For an appetizer, I ordered Súp măng cua (bamboo shoots and crabmeat soup) for $3.25. The complex soup had deep flavor, each bite with multiple levels of taste: first sweet, seconds later spicy and then sweet again. For the low price, the soup enveloped plentiful tender threads of succulent crabmeat in a light broth, enhanced with scallion and egg. With few ingredients, the delicateness of the crabmeat came through.
We ended up ordering that night’s special, regardless of the fact that the waiter didn’t explain what the specials were – Bánh xèo, a Vietnamese pancake for $14.95. But this Vietnamese pancake is not the pancake you know and love. Instead, it’s made of rice flour, eggs, turmeric and water. The pancake is lightly fried, producing a golden brown crust, yellow from the turmeric. To eat, you take a piece of the pancake, wrap it in lettuce leaves along with some fresh herbs and dip it in an accompanying sauce. This particular pancake was stuffed with whole shrimp, pork, mung beans, bean sprouts, scallions, and served with fresh mint leaves, cucumbers and a sweet chili sauce for dipping.

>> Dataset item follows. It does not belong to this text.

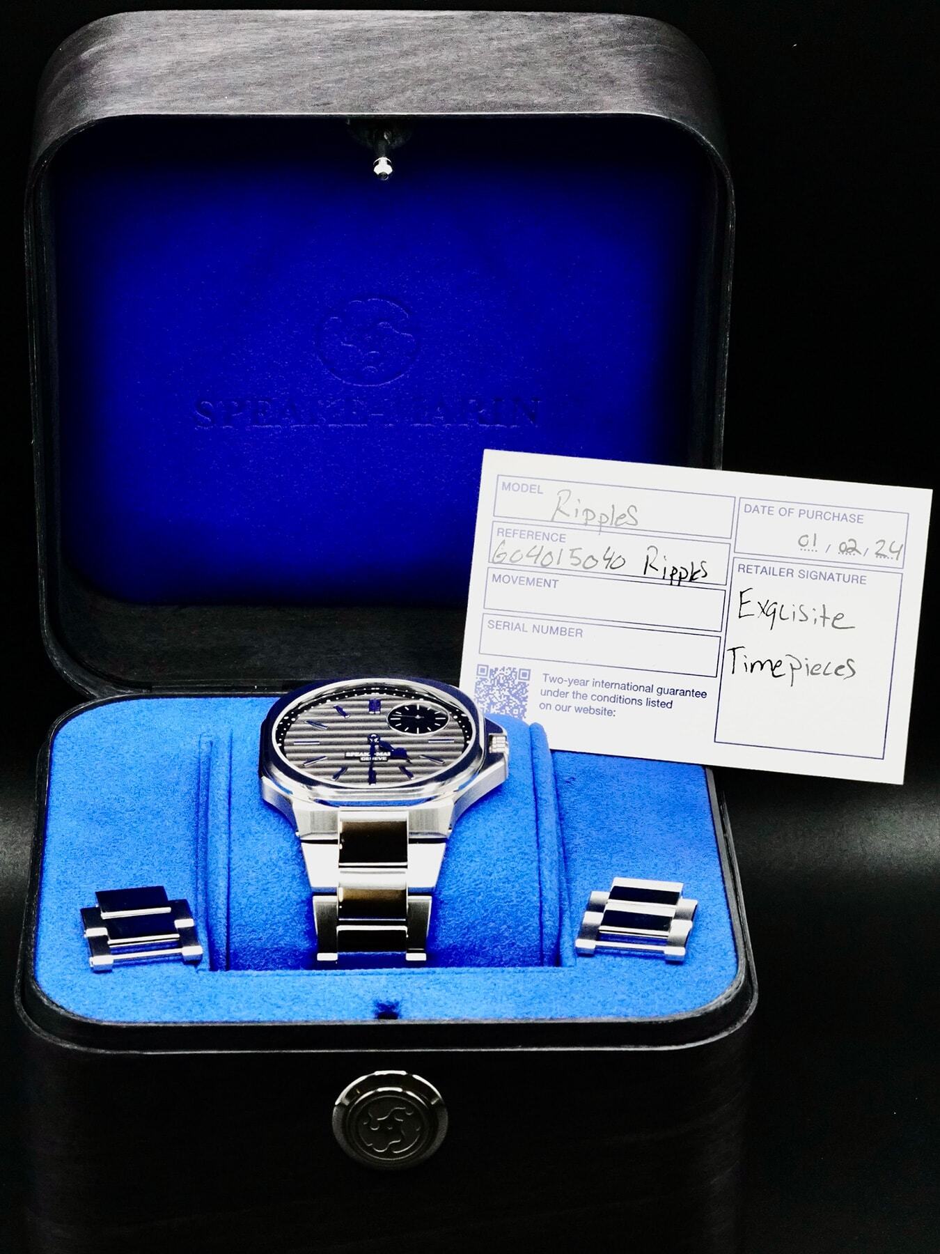This Speake Marin Ripples 604015040 is in EXCELLENT condition. This watch includes its original box and warranty card dated for 2024. Extra stainless steel bracelet links. This watch has been fully authenticated and certified by Exquisite Timepieces.

The idea of the dish was better than the passably tasty dish itself, but the sauce complemented the pork and shrimp nicely. When I tasted each component individually, I found the shrimp to be tough and the pork and pancake to be dry. The accompanying mint was delightfully fresh and unblemished. Some of the herb’s tough stem, however, was left on the leaf, which was unpleasant to eat.
Vietnamese food combines five fundamental taste elements: spicy, sour, bitter, salty and sweet, and the second main dish — Cá Kho Tộ, Catfish in a Clay Pot for $8.95 — exemplified this. The clay pot retained heat and moisture and, along with the catfish’s high fat content, made the braised fish so tender it practically melted in my mouth.
The key to the clay pot is the caramelized sugar, which created a sweet and pleasantly burnt-tasting sauce — sauce so good I could’ve eaten it by itself. Flavored with plenty of chili, this dish is not for those scared of heat. The Cá Kho Tộ was served with rice, perfect for eating and soaking up the remaining sauce. If I hadn’t been so full, I’d have been apt to ask for another order.
New Century Vietnamese also has a beer and wine list and an additional extensive beverage list, ranging from Vietnamese coffee to salted lime juice to your standard soda. Fret not; there are dessert selections too. I had my eye on a pudding containing gingko nuts.
Although I cannot gauge the authenticity of the food compared to other restaurants, most New Century Vietnamese diners were Vietnamese.
For the price, New Century Vietnamese is a definite go-to. From the amiable service to the chopsticks they use — not the cheap take-out ones — the restaurant makes you feel comfortable from the get-go and in for a special and distinctive experience. You’re transported to Vietnam, well, at least for the few minutes it takes to scrape your bowl clean.